The women farmers giggled as they were given an award by way of honour on March 8, 2014. The semi-formal ceremony was underway at the North East Network’s resource centre in Chizami, Phek district of Nagaland. The women farmers were being recognized for practicing ecological agriculture (biodiverse farming) and their significant contribution to conservation of genetic biodiversity, ensuring food and nutritional securities in their homes and communities, on the occasion of International Women’s Day 2014, and the International year of Family Farming. The women who came up with the idea to honour the farmers thought they would weave leaf hats that would protect the farmers’ heads from the harsh sun while working in the fields. This along with grass coats—all made by local craftspersons—would double up as a rain and sun shield, and make excellent honorary gestures to be given to the women farmers by the chief guest for the day.

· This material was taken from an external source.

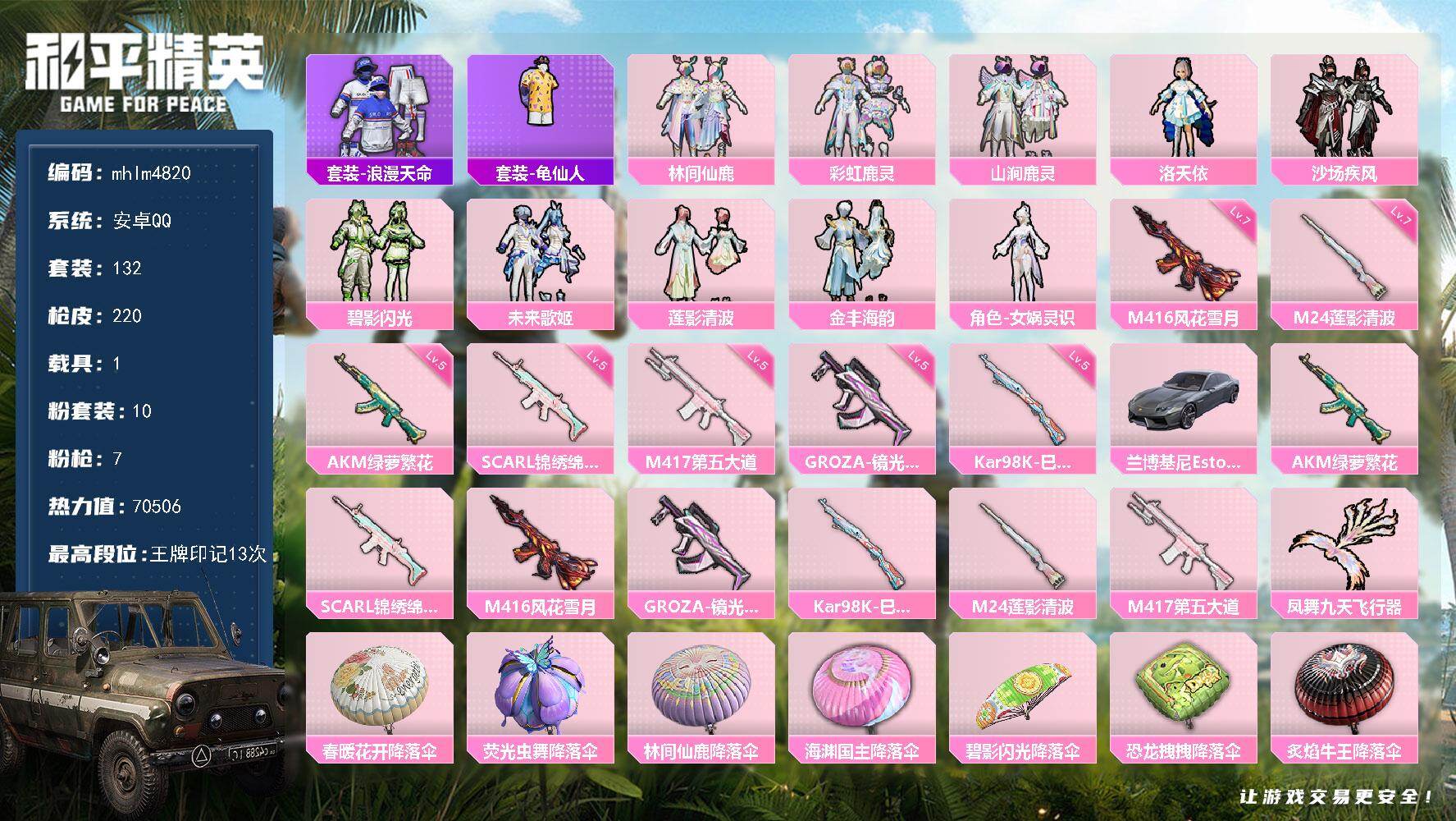 10粉装-7特效枪-1载具-1粉色飞行器-70506热力值-13王牌印记-132套装-220枪皮

leaf hats ended up, inadvertently, looking like graduation hats made of leaf. The grass coats tied up at the neck and flowing on the back made the whole ceremony look like a graduation ceremony for the farmers. No one had anticipated this, and everyone went into giggles as the women farmers posed for what looked like the graduation ceremony of a Farmland University. Thereafter, everyone at the event wanted a “graduation picture” taken individually and in groups.
These are women from remote villages like Noklak (Tuensang), Fakim (Kiphire) or Laitsohpliah (East Khasi Hills, Meghalaya), among many others, who have never had the opportunity to complete their schooling, leave alone graduating from a university. Yet it is women like these who have kept nutritious and organic food on our table in this part of the world. Food is not just a basic requirement of physical life, but it defines culture, has religious significance and defines politics. While women all over the world have remained central to the production of food, they have also found themselves most sidelined and marginalized in religion as well as politics. In day to day life, apart from their obvious motherhood, they are recognized for holding little other systems of knowledge, often brushed aside for being ignorant. Many an agriculture scientist, especially among women of the North East region of India, has been lost due to this incompetent attitude of the society towards them.
With a little help from the government, to start with, this can change. Policies that recognize the equitable contribution of women on the farm land, homestead land and forest land, take the consent of women for land use, provide equal remuneration for all women farmers, agriculture labourers and workers and other such could not only empower women to deal with their position of vulnerability but make this constituency an important partner in the essential changes required in societies, especially those that are wholly marginalized. In today’s scenario of rapid marginalization and homogenization of communities, it is not just a desire but a need to recognize that women not only hold knowledge systems that could bring transformative change, but that they have the will power and diligence to execute these systems without patriarchal violence.